An Absurd Claim That Oil Is Being "Dumped" Here
August 5, 1999
The Commerce Department is scheduled to hear complaints from 12 independent oil producers that Saudi Arabia, Mexico, Iraq and Venezuela are selling oil in the U.S. for less than what they spend to produce it. Serious economists say the charge should be laughed off the department's docket.
But they fear it won't.
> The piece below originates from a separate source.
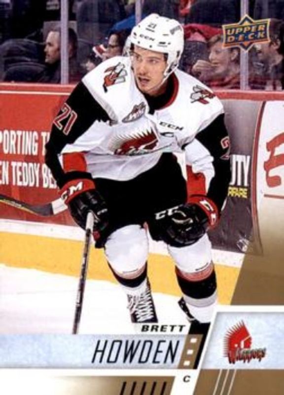The Brett Howden 2017 Upper Deck CHL #70 Base card is 1 of 8 Brett Howden's card variations in the 2017 Upper Deck CHL set being tracked by Sports Card Investor, including Rainbow, Red Bordered, Printing Plates Black /1, Printing Plates Cyan /1, and Printing Plates Magenta /1.

That's because anti-dumping laws are so stacked in favor of domestic companies that government agencies in charge of adjudicating trade cases almost always side against foreigners. "When it comes to dumping, economically ludicrous cases prevail all the time," says Philip K. Verleger, an economist for the Brattle Group of consultants.
Here's what makes the charge of oil-dumping ludicrous to economists:
- Since oil is priced in a world market, a producer could never hope to recoup his losses from selling below cost because he could never raise his prices to above-market levels to recoup those losses in the future.
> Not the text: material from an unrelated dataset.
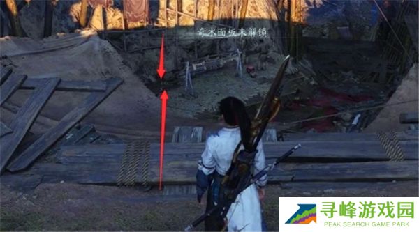 在与小孩对话后,任务提示会引导你到灰坑的台阶。沿着提示的方向前进,你将在台阶处找到遗失的钱袋。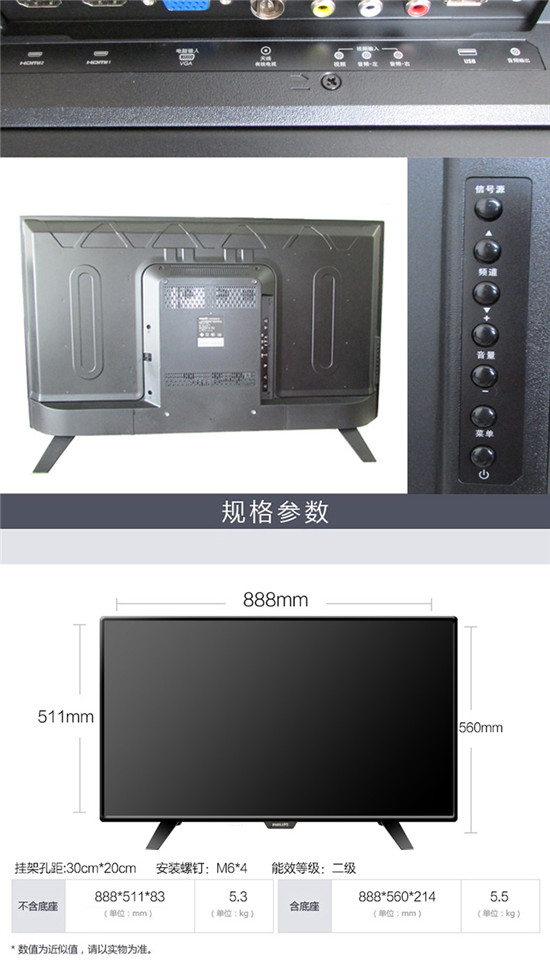 飞利浦 39英寸 逐点高清LED液晶平板电视机(黑色) 39PHF3251/T3

- Since the oil market is world-wide, a tax slapped on four countries would only rearrange oil export-import patterns -- not affecting supplies and prices over all.
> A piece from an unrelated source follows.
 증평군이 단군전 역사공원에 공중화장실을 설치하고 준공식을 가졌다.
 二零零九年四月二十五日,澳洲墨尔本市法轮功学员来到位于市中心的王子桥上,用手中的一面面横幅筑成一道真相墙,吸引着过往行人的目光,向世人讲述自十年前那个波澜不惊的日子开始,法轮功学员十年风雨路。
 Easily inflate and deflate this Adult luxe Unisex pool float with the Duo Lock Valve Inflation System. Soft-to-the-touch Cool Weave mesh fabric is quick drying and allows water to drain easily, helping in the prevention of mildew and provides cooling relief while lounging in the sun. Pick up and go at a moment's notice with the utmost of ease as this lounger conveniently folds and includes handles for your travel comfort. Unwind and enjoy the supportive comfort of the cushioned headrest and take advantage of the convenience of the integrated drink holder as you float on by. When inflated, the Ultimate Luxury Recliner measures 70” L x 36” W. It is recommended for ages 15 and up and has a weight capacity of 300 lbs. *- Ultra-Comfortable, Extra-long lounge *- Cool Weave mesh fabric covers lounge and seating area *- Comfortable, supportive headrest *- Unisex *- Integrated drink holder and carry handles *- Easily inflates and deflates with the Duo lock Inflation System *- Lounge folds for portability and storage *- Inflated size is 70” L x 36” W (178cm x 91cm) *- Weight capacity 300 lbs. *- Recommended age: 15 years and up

- Saudi Arabia spends only about $1.50 to produce a barrel of oil that sells for about $15, putting to flight the charge it is losing money.
- Selling below costs is sometimes cited as a tactic to drive a competitor out of business -- but the U.S. oil industry need not worry.
It is a common practice and perfectly legal for U.S. companies during times of economic slack to cut prices so as to generate enough cash to cover their operating expenses, even if they lose money temporarily. But when a foreign company does so and sells over here, it violates U.S. anti-dumping laws.
Political observers point out that the last thing presidential candidate Al Gore needs is for an administration department to announce that it doesn't think Americans are paying enough at the gas pump and the home heating depot.